TASK TO COMPLETE
Transcribe each entry below exactly. Pictures do not go in the copy.

Stored data entries
● ● ● ●

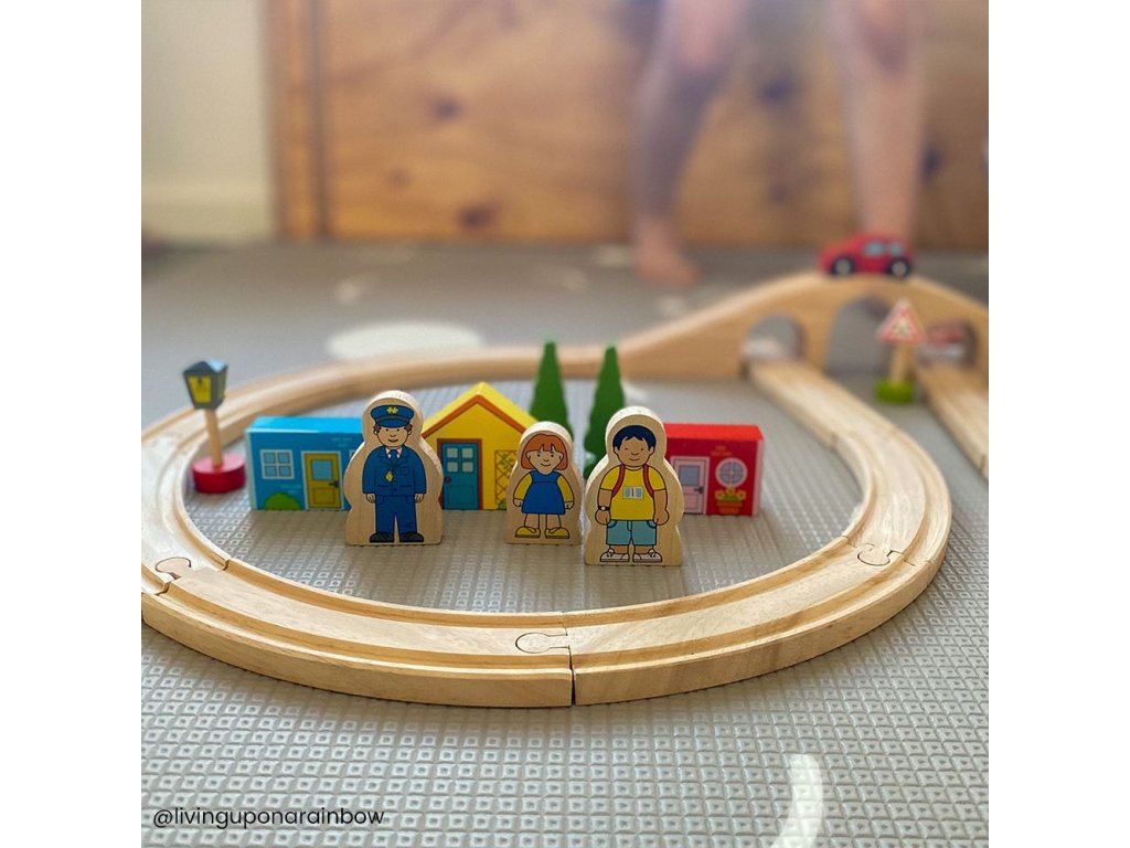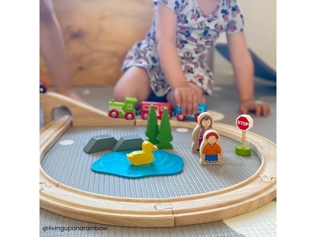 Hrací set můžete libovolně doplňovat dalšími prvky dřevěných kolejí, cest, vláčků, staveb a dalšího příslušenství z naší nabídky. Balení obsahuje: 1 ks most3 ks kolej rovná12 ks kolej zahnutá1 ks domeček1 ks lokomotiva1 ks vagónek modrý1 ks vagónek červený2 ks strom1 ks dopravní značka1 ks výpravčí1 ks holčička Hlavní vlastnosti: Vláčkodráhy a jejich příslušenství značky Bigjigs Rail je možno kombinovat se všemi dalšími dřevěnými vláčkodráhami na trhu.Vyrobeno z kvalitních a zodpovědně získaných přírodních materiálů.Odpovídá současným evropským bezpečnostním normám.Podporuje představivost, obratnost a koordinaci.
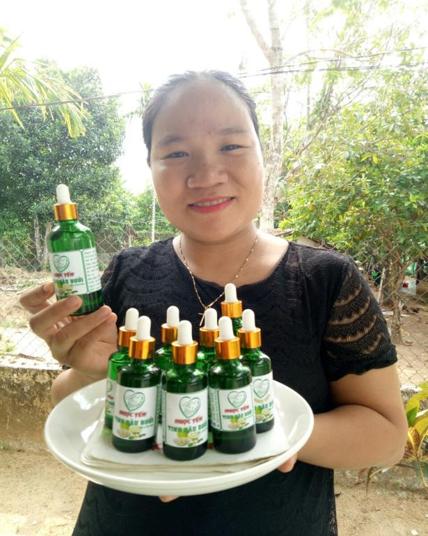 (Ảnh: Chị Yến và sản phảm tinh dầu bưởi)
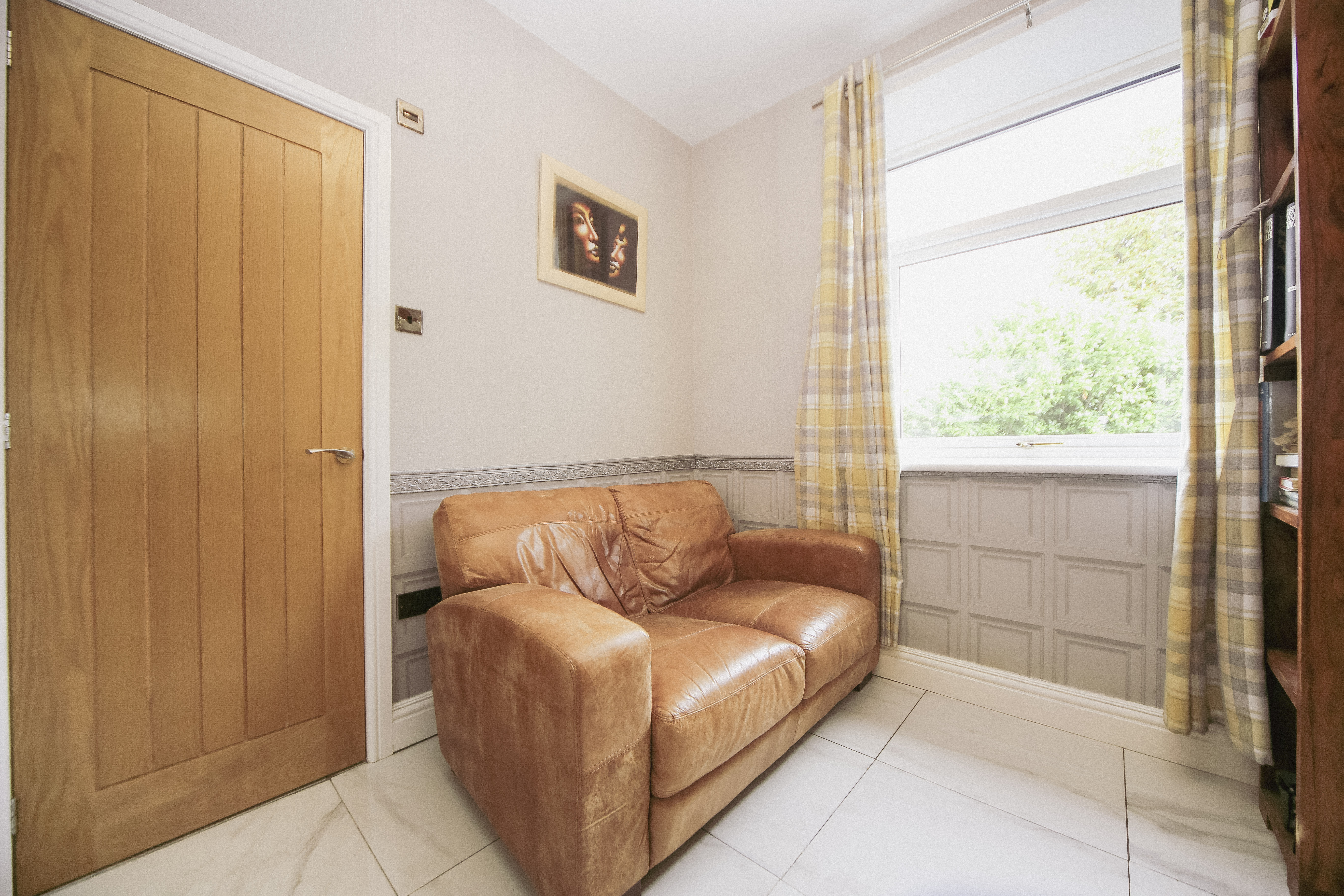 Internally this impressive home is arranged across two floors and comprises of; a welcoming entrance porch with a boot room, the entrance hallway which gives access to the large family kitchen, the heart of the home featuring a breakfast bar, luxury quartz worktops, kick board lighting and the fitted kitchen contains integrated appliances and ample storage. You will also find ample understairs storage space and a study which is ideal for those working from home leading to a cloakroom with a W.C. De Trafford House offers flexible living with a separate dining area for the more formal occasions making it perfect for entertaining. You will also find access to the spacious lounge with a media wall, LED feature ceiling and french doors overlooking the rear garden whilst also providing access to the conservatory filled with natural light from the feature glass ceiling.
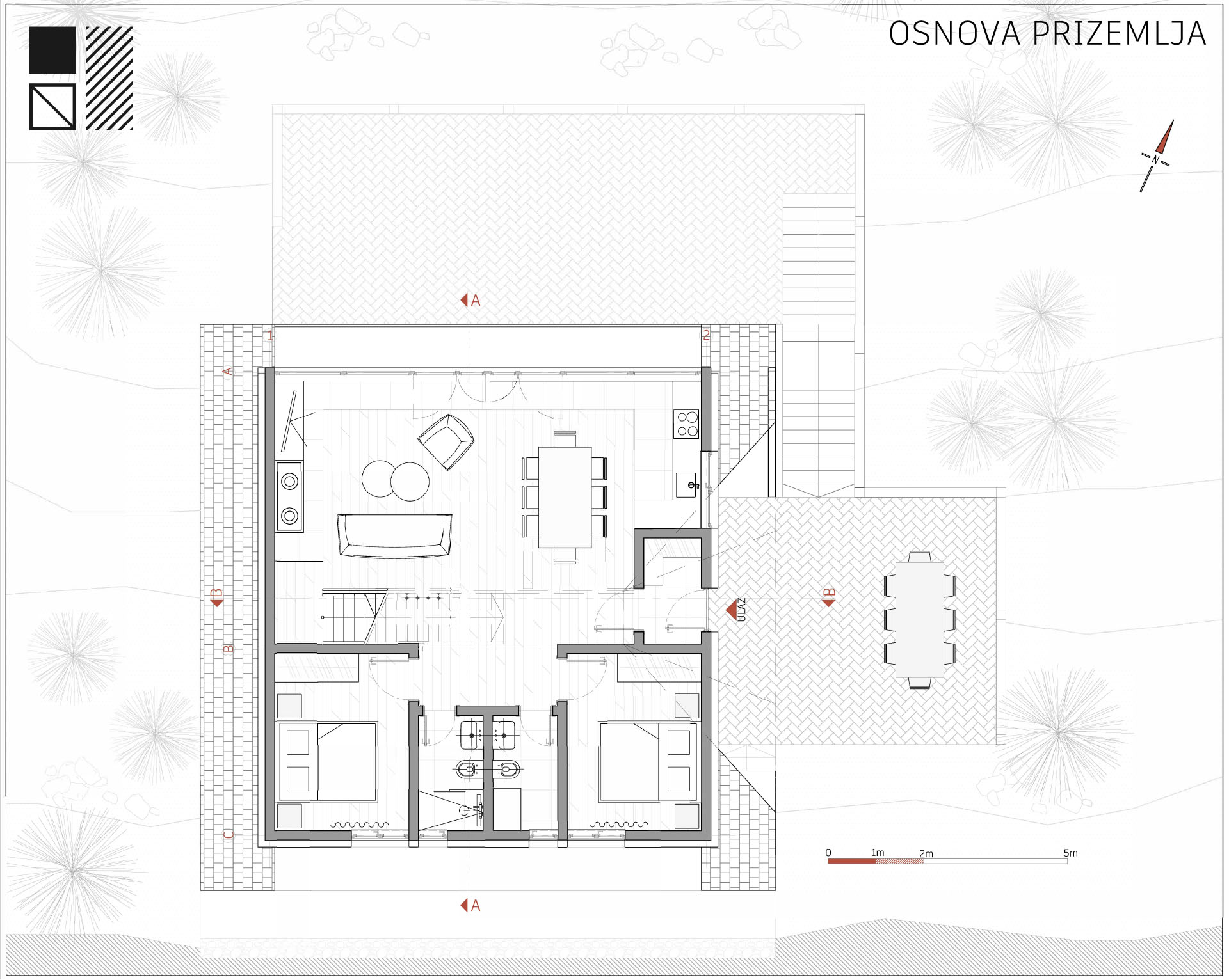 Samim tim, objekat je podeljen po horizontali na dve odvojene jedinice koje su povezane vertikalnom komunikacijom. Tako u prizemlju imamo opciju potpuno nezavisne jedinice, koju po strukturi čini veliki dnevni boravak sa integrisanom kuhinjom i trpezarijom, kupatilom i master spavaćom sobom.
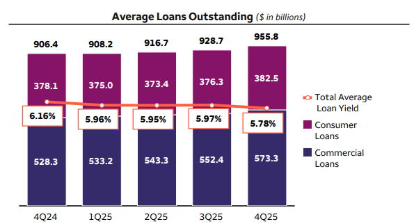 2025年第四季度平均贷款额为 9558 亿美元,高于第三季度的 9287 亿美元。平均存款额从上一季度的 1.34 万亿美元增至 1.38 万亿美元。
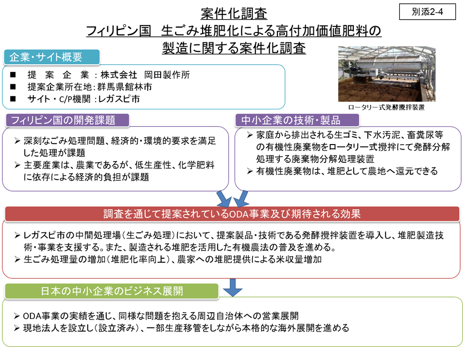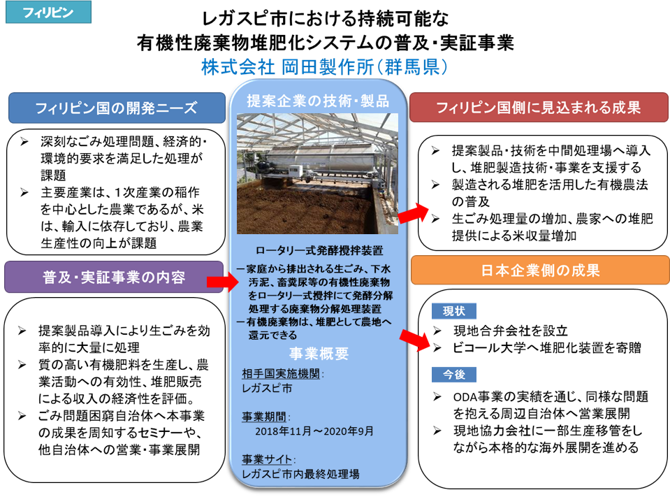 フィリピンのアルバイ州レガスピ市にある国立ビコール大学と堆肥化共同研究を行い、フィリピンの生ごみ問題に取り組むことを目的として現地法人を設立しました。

● ● ● ●

OUTPUT FOR THIS TASK
 Hrací set můžete libovolně doplňovat dalšími prvky dřevěných kolejí, cest, vláčků, staveb a dalšího příslušenství z naší nabídky. Balení obsahuje: 1 ks most3 ks kolej rovná12 ks kolej zahnutá1 ks domeček1 ks lokomotiva1 ks vagónek modrý1 ks vagónek červený2 ks strom1 ks dopravní značka1 ks výpravčí1 ks holčička Hlavní vlastnosti: Vláčkodráhy a jejich příslušenství značky Bigjigs Rail je možno kombinovat se všemi dalšími dřevěnými vláčkodráhami na trhu.Vyrobeno z kvalitních a zodpovědně získaných přírodních materiálů.Odpovídá současným evropským bezpečnostním normám.Podporuje představivost, obratnost a koordinaci.
 (Ảnh: Chị Yến và sản phảm tinh dầu bưởi)
 Internally this impressive home is arranged across two floors and comprises of; a welcoming entrance porch with a boot room, the entrance hallway which gives access to the large family kitchen, the heart of the home featuring a breakfast bar, luxury quartz worktops, kick board lighting and the fitted kitchen contains integrated appliances and ample storage. You will also find ample understairs storage space and a study which is ideal for those working from home leading to a cloakroom with a W.C. De Trafford House offers flexible living with a separate dining area for the more formal occasions making it perfect for entertaining. You will also find access to the spacious lounge with a media wall, LED feature ceiling and french doors overlooking the rear garden whilst also providing access to the conservatory filled with natural light from the feature glass ceiling.
 Samim tim, objekat je podeljen po horizontali na dve odvojene jedinice koje su povezane vertikalnom komunikacijom. Tako u prizemlju imamo opciju potpuno nezavisne jedinice, koju po strukturi čini veliki dnevni boravak sa integrisanom kuhinjom i trpezarijom, kupatilom i master spavaćom sobom.
 2025年第四季度平均贷款额为 9558 亿美元,高于第三季度的 9287 亿美元。平均存款额从上一季度的 1.34 万亿美元增至 1.38 万亿美元。
 フィリピンのアルバイ州レガスピ市にある国立ビコール大学と堆肥化共同研究を行い、フィリピンの生ごみ問題に取り組むことを目的として現地法人を設立しました。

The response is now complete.